GreenHacks is the first and only sustainability hackathon at Johns Hopkins. The hackathon offers a platform for competitive ideation and creativity to spark innovative and sustainable solution design. Their first virtual, multi-day mini-hackathon was held in May 2020. The hackathon had nearly 60 individuals in attendance, with 12 different teams competing  from JHU and around the world.

 

Design, Build, Fly at Johns Hopkins

The Design, Build, Fly team planned to build a remote-controlled airplane to fly in the annual American Institute of Aeronautics and Astronautics Design/Build/Fly intercollegiate design competition, which was scheduled to be held in April 2020 in Wichita, Kansas. In response to the pandemic, the competition shifted to a virtual format and instead judged teams based on their design reports. The JHU team placed 17th out of 101 official submissions.

 

BioSwift

Bioswift is a student-led design team comprising students from the Whiting School of Engineering and the Johns Hopkins School of Medicine. The team developed FlowMate, an attachment for dry powder inhalers that ensures pediatric patients, as well as adults with limited lung capacity, receive their full dosage of medication in order to alleviate chronic respiratory symptoms

 

AstroJays

The AstroJays rocketry team is a multidisciplinary group of students that design, build, and launch high-powered rockets. The team is divided into four main subsystems—avionics, propulsion, recovery, structures—that each work on one major sector of the rockets, which are then integrated with each other to produce a finished product.

Mini-MedHacks

Through Mini-MedHacks, Baltimore City high school students who are part of MERIT Health Leadership Academy learn about technology in medicine by participating in a one-day simulation of a medical hackathon.
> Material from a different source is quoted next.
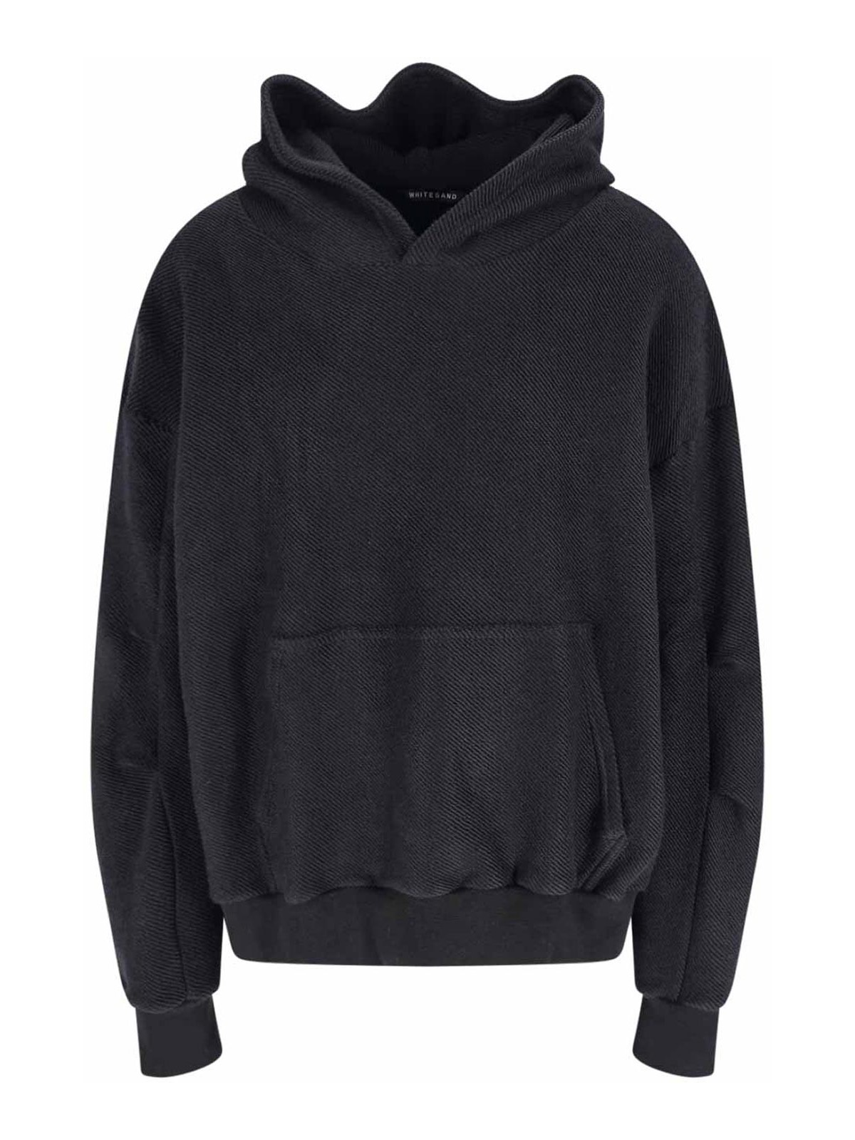 Weißes, sandfarbenes Kapuzensweatshirt aus schwarzer Baumwolle, Gabardine-Motiv, tief angesetzte Schultern, aufgesetzte Maxi-Tasche auf der Vorderseite, gerippte Abschlüsse, gerader Saum.

Mini-MedHacks is part of MedHacks, a student-run annual hackathon.

 

Engineers Without Borders at Johns Hopkins

Students in the Johns Hopkins chapter of Engineers Without Borders partner with low-resource communities to improve their daily quality of life through the implementation of environmentally and economically sustainable engineering projects while developing internationally responsible engineering students. The EWB-JHU team worked on projects in Guatemala and Ecuador—focusing on a bridge, water, and the social needs of several communities.

 

Hopkins AI Robot Squad

A team of student robotics experts put their artificial intelligence skills to the test at the 2019 International Conference on Robotics and Automation in Montreal. Students equipped robots with LIDAR and camera sensors to follow the location of “enemy” robots and demonstrate more precise aiming and targeting of armor packs.